Thanks for the response. I understand your unofficial answer. 

It sounds like a "follow the money" response. That's too bad, but I accept it as the probable response from the Coast Guard. It's sad thoughwhen an obvious problem has and obvious solution yet doesn't get done because the current solution is adequate for commercial interests. I'd like to see "public safety" enter the equation more often.

Thanks for your groups efforts at the rock piles!!!

And I'd say WAYless than 1% of pleasure boaters use NOTMARs... the ONLY time I looked at them was after Ivan. But for the Coast Guard to use that as a defense with pleasure boaters lack of knowledgeis just silly. Until EVERY pleasure boater is lisenced and TRAINED it's like a company talking about thesmall print on a lease contract. It's BS!!!

Jim

PS...Believe it or not, the FAA and commercial aviation runs about the same way. Many, many times it takes loss of life before something obviously safergetschanged in thecause of public safety.

PPS...ALL general aviation pilots are trained and aware of Notice to Airman (NOTAMs). I'm not a general aviation pilot so I don't know how well used they are. In commercial aviation they're used every day on every flight.


----------



## flappininthebreeze (Jul 13, 2009)

I'm with Dockmaster. There is ample information available to help any intelligent boater avoid a collision with the Mass. It's been in the same spot since <U>1921</U> for heaven's sake.

Licensure is not required for boat operation, and every time it comes up for debate, it is shouted down as an unnecessary restriction on people's apparent right to go out and be stupid and screw up. One had only to listen to radio traffic during the recentAir Show weekendto realize brains were not a prerequisite to boat operation.

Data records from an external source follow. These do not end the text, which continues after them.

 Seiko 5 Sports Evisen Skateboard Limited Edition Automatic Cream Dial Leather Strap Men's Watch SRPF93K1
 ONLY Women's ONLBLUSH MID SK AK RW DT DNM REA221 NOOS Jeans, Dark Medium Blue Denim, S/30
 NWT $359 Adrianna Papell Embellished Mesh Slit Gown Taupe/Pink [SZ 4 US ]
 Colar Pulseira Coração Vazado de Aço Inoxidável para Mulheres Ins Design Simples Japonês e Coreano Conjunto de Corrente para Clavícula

You have to have a license to drive a car, why not a boat?????

For those crying for more markers to protect them from themselves, I say grow up. Think about how much it costs to place and maintain a buoy and ask yourself if you are really that in need of assistance to avoid running into something, or would you just run into the buoys instead??

If you can't avoid it, just don't go over there.


----------



## lastcast (Oct 12, 2007)

Flappin, how far of coastlines have you run?

Skip


----------



## jaksprat (Jul 2, 2009)

Ruby Red Lips - If you were running from Pascagoula in the Century CC, I was out there Friday when you hit the Mass. It scared my family and I just as much as it did you. I'm glad you are all safe.

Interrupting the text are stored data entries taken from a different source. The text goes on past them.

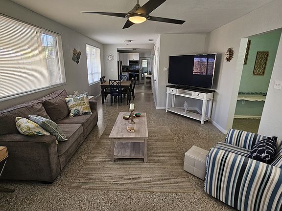 Beach Paradise Awaits! Discover the perfect coastal retreat in the heart of St. Pete Beach, just a short walk to the pristine sugar sands and turquoise waters of the Gulf of Mexico! This fully furnished charming pet friendly beach bungalow rents monthly, with 6 month or annual lease options. The home is fully stocked and equipped for long term stays with everything you will need to be comfortable and a spacious fenced private yard. Come enjoy the area in this delightful home and make memories that will last a lifetime. The fully furnished home has 3 bedrooms and 2 bathrooms, master with king size bed and in suite bathroom, 2nd bedroom has two single beds and 3rd bedroom has a queen bed, sleeps 6 comfortably. The fenced private yard has a covered area with chairs, sun deck with lounge chairs and a BBQ grill. There is a dedicated work space with desk and extra monitor so you can work from the beach or have a comfortable spot to surf the web. The garage has a washer/dryer, beach equipment and bikes. Home has Wifi and streaming cable service, all bedrooms and living room have TVs. Off street parking for up to 6 cars with room for a boat, RV or jet skis in the private driveway. Amenities onsite include free washer/dryer, dishwasher, microwave, stove, full size fridge, BBQ Grill, beach chairs, cooler, beach cart, towels, and linens. St Pete Beach is located just 15 minutes from downtown St Petersburg and 30 minutes the airport. Pets under 50lbs are welcome, cats must be fixed. Nearby you will also find public pickleball, basketball, shuffleboard and picnic areas. Annual fixed rate, 6 month or 30 day min monthly term options, furnished or unfinished options are available. We are pet friendly with approval! This property rents seasonally for $3,800 - $5.995 monthly with all utilities, cable, internet, trash and lawn service. Peak season is January through March at a monthly rate of $5,995/mo, non-peak rate is $4,500/mo. All rates under 6 month term require a 13% occupancy tax. This property rents seasonally and annually, seasonal rates and terms vary. Please inquire for current availability, seasonal rates and terms based on length of stay. Accepting bookings with a 30 day min stay up to 1 year lease. A 13% local occupancy taxes for stays under 6 months is required. This property rents for $4,500 - $5,995 monthly includes - utilities, cable, internet, trash and lawn service. Peak season is January through March at a monthly rate of $5,995/month. All stays less than 6 months will require a 13% local occupancy tax. This property rents seasonally and annually, seasonal and annual rates and terms vary. Please inquire for current availability, rates and terms based on length of stay. Home is fully furnished and all utilities included. Local occupancy tax is collected based on duration of stay and rent amount. Water, electric, high speed internet, cable TV service, grounds maintenance included in price. $1500 security deposit collected upon occupancy and fully refundable. This property rents seasonally and annually, seasonal rates and terms vary. Inquire for current availability, seasonal rates and terms. Monthly rate includes all utilities, occupancy taxes and fees. This property rents seasonally and seasonal rates and terms vary. $350 refundable pet deposit per stay. 50% deposit required upon booking, remaining balance due 14 days prior to reservation, cancel 30 days out for a full refund and 50% refund if you cancel with 14 days of reservations. Reservations made under 14 days in advance require full payment upon booking. We accept PayPal (+3% if you use Goods & Services), Zelle, Personal Check for payment.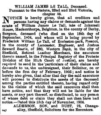 Frederick Tindall Le Tall, born 1846, married Eleanor M Hawson, a Scarborough woman, he passed away on November 20th 1887 and she took the kids to Scarborough, the only son was Frederick William Le Tall born 1872.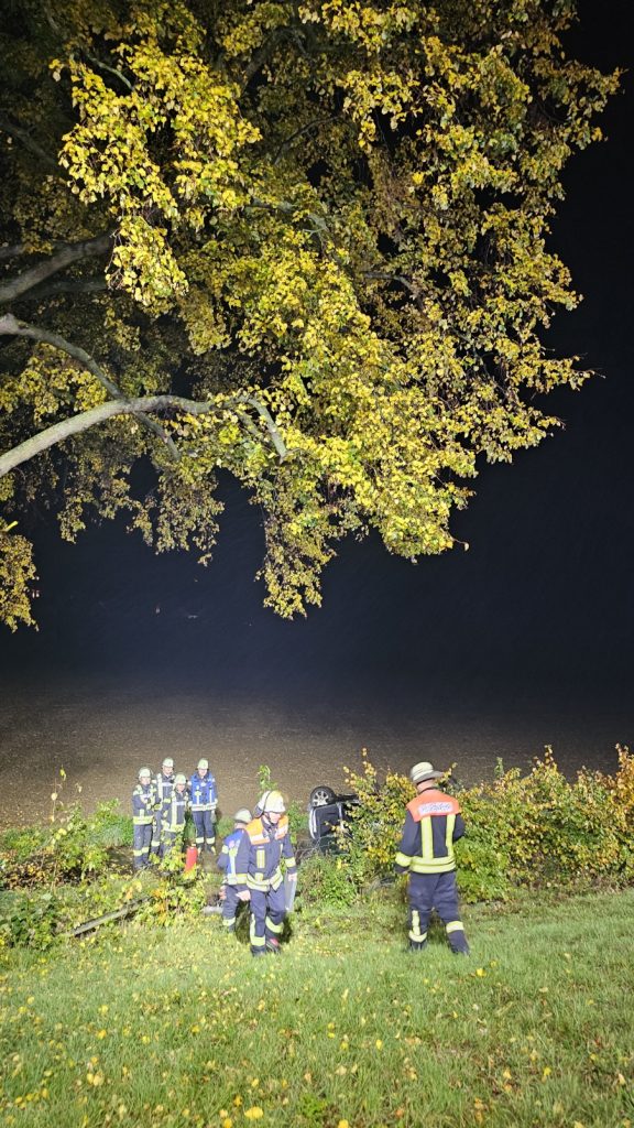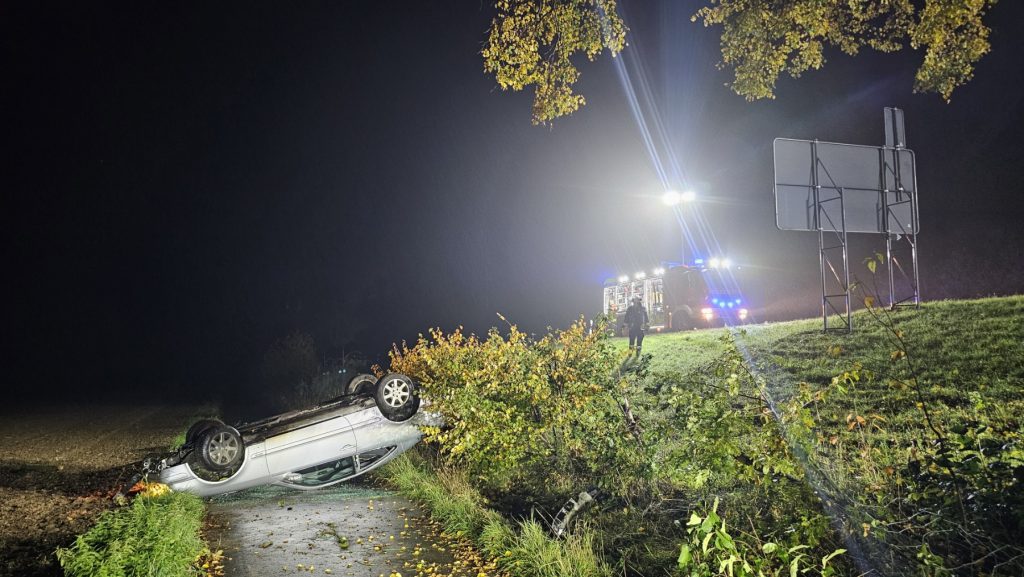 Um 2:01 am Mittwoch wurde der Löschzug Ittenbach zum Verkehrsunfall auf die Landstraße L331 alarmiert. Eine Limousine lag unterhalb der Autobahnauffahrt auf einem Feldweg. Der Fahrer hatte selbstständig das Fahrzeug verlassen. Der Mann wurde durch die Feuerwehr erstversorgt und an den Rettungsdienst übergeben. Er wurde leicht verletzt. Das Fahrzeug war seitlich von der Auffahrt zur Autobahn Fahrtrichtung Frankfurt abgekommen. Nach einem Kontakt mit einem Baum blieb der Wagen auf dem Dach im Feld liegen. Die Einsatzkräfte stellten den Brandschutz sicher. Nach einer Stunde rückten die Kräfte ein. Das Fahrzeug wurde von einem Abschleppunternehmen geborgen.

As a new boater to the area, I am surprised that such a hazard is not marked better.

After witnessing your incident, both my wife and I can not forget the image of your hull virtually on its side.

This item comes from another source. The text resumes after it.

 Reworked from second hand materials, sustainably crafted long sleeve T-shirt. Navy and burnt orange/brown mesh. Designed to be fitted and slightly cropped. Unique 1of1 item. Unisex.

If so many incidents have occurred, I would hope that we can generate some support to better mark this hazard. I will be contacting the Coast Guard to see what can be done.


----------



## Worn Out (May 10, 2008)

It sure seems as though there was an adequately equipped USCG Buoy Tender in the area this week to have appropriately placed an appropriately (not confusing except for "WR") marked buoy on this wreck...Or just drop the existing one slap damned on top of it...

Otherwise observant operators approaching from the west see a red buoy as they are "returning" to our pass (well before the ship channel marks are visible from a "small boat") so they leave it to starboard and run in to it {how many times now?}.. The Buoy being red (shouldn't it be red / white?) is misleading... the "wr" is inadequate...


----------



## jim t (Sep 30, 2007)

It's really pretty simple... here's a discussion I've heard before at an Admiral's staff meeting.

Admiral: I keep getting these letters about civilians hitting the USS Mass.

Chief of Staff: Yes sir, however we've investigated and it is charted and mapped in accordance to regs.

Admiral: Well why do civilians keep running over it.

Operations Officer: Well sir 99% of the civilians don't know the difference between a reg and a hole in the water.

Admiral: Okay, I understand, how do we fix this?

Chief of Staff: Well sir, we can suggest up the chain of command that all boaters be lisenced and trained, but that will cost a lot of $$ and be HUGELY unpopular amongst the "monkey boaters"...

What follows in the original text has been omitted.